Output the data below only from the line containing "قَيِّماً أي مستقيما،" up to and including the line containing "摘みたての最高級カンボジア産", exact and with the pictures left out.

**SUPPLIED DATA:**
==*==

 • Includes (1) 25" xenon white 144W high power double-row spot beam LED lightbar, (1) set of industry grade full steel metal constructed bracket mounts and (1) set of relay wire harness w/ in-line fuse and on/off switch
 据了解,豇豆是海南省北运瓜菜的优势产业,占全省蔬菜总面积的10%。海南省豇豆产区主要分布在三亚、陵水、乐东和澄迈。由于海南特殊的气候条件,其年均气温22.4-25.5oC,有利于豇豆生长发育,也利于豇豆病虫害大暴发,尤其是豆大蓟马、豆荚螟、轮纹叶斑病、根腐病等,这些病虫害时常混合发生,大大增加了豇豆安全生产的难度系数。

==*==

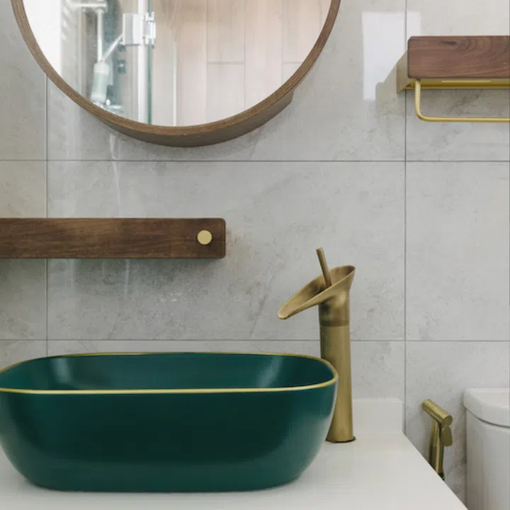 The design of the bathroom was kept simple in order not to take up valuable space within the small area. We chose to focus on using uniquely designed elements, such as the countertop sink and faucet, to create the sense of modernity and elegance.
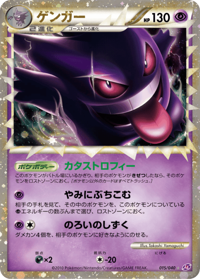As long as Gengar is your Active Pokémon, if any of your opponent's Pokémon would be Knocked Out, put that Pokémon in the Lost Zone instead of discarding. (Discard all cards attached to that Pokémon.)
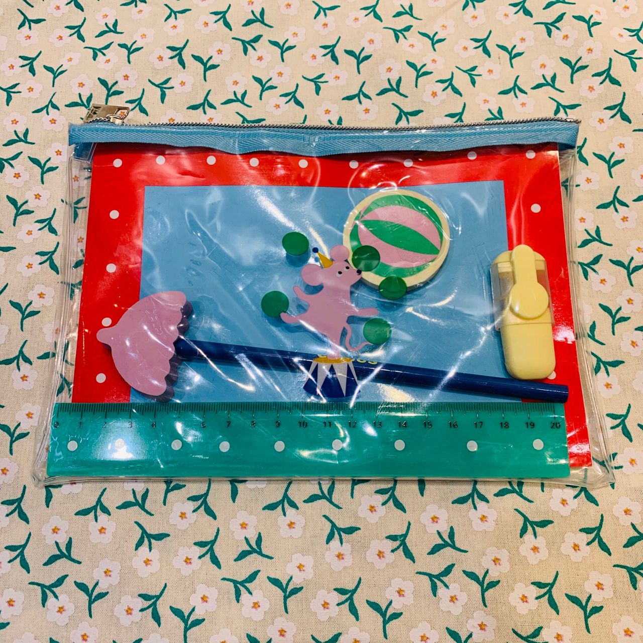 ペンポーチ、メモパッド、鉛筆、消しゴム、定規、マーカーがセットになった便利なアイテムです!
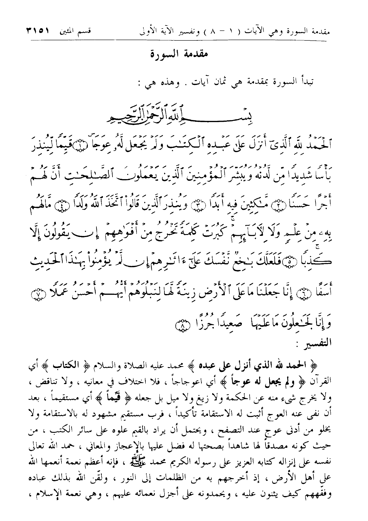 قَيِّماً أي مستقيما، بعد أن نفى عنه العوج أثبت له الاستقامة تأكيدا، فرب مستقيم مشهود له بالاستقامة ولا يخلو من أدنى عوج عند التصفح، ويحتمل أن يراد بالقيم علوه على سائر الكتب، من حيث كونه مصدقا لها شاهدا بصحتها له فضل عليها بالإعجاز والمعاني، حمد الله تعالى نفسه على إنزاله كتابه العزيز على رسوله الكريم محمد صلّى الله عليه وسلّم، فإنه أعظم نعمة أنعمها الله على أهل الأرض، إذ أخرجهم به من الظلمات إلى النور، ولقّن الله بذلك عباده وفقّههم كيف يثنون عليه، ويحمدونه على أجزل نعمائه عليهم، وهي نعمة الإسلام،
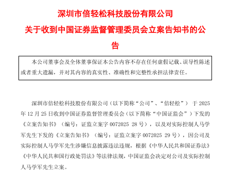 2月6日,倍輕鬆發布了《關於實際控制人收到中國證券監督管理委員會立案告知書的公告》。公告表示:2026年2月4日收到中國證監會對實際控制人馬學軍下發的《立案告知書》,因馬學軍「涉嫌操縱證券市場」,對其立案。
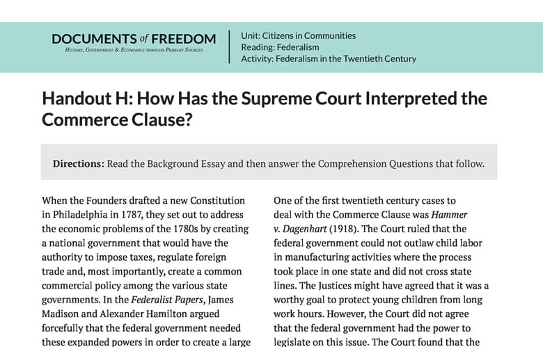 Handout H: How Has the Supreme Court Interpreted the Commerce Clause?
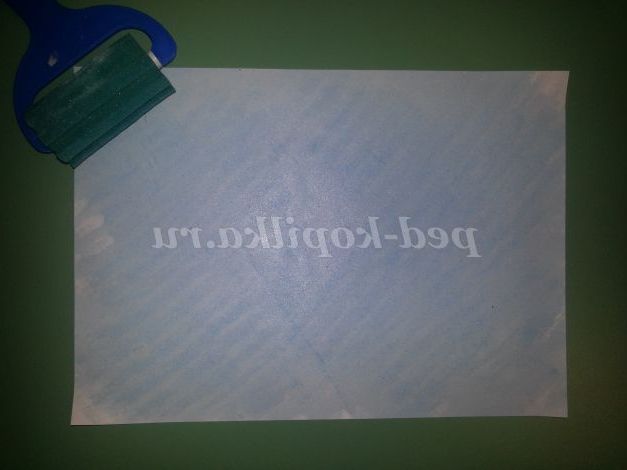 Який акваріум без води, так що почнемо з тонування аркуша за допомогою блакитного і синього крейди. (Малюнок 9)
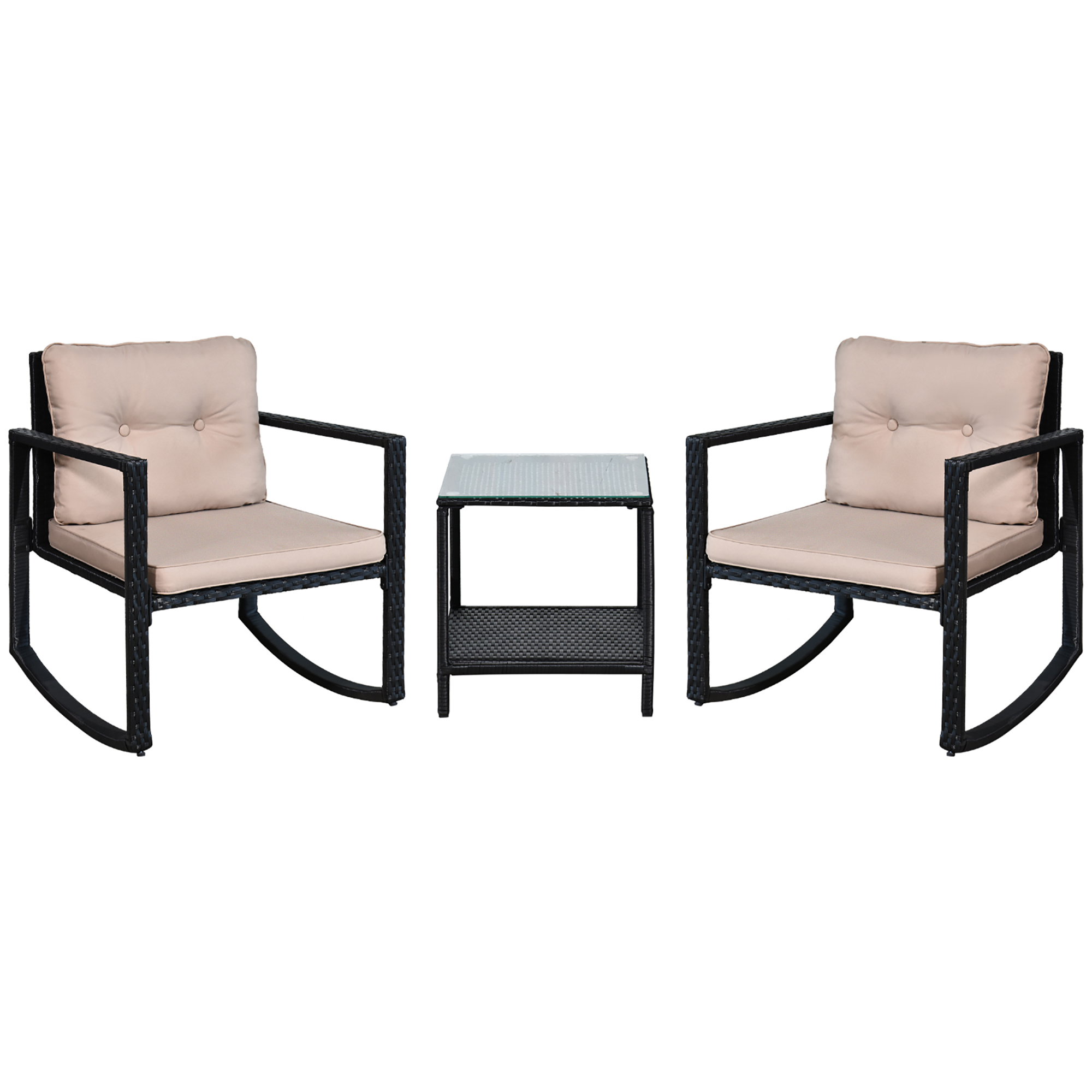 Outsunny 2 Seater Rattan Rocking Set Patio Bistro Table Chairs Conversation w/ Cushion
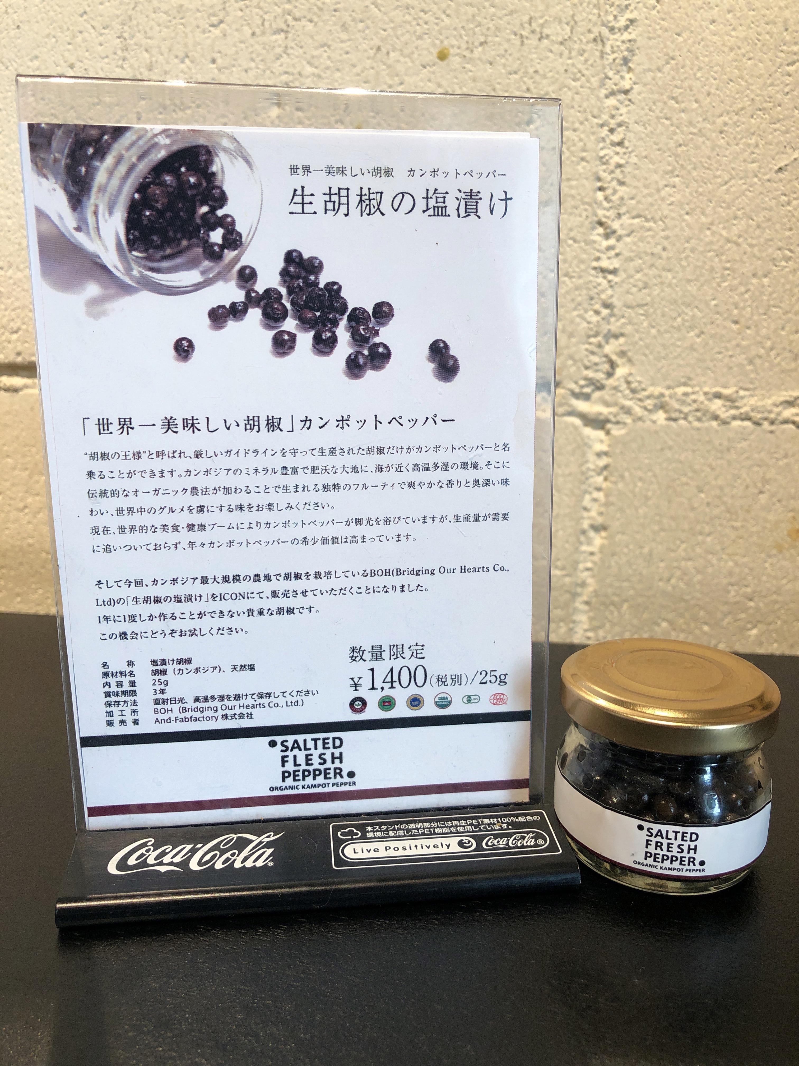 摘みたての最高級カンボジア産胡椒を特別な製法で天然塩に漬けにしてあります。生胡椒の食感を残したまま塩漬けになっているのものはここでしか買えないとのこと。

==*==

**THE COMPLETED TASK:**
 قَيِّماً أي مستقيما، بعد أن نفى عنه العوج أثبت له الاستقامة تأكيدا، فرب مستقيم مشهود له بالاستقامة ولا يخلو من أدنى عوج عند التصفح، ويحتمل أن يراد بالقيم علوه على سائر الكتب، من حيث كونه مصدقا لها شاهدا بصحتها له فضل عليها بالإعجاز والمعاني، حمد الله تعالى نفسه على إنزاله كتابه العزيز على رسوله الكريم محمد صلّى الله عليه وسلّم، فإنه أعظم نعمة أنعمها الله على أهل الأرض، إذ أخرجهم به من الظلمات إلى النور، ولقّن الله بذلك عباده وفقّههم كيف يثنون عليه، ويحمدونه على أجزل نعمائه عليهم، وهي نعمة الإسلام،
 2月6日,倍輕鬆發布了《關於實際控制人收到中國證券監督管理委員會立案告知書的公告》。公告表示:2026年2月4日收到中國證監會對實際控制人馬學軍下發的《立案告知書》,因馬學軍「涉嫌操縱證券市場」,對其立案。
 Handout H: How Has the Supreme Court Interpreted the Commerce Clause?
 Який акваріум без води, так що почнемо з тонування аркуша за допомогою блакитного і синього крейди. (Малюнок 9)
 Outsunny 2 Seater Rattan Rocking Set Patio Bistro Table Chairs Conversation w/ Cushion
 摘みたての最高級カンボジア産胡椒を特別な製法で天然塩に漬けにしてあります。生胡椒の食感を残したまま塩漬けになっているのものはここでしか買えないとのこと。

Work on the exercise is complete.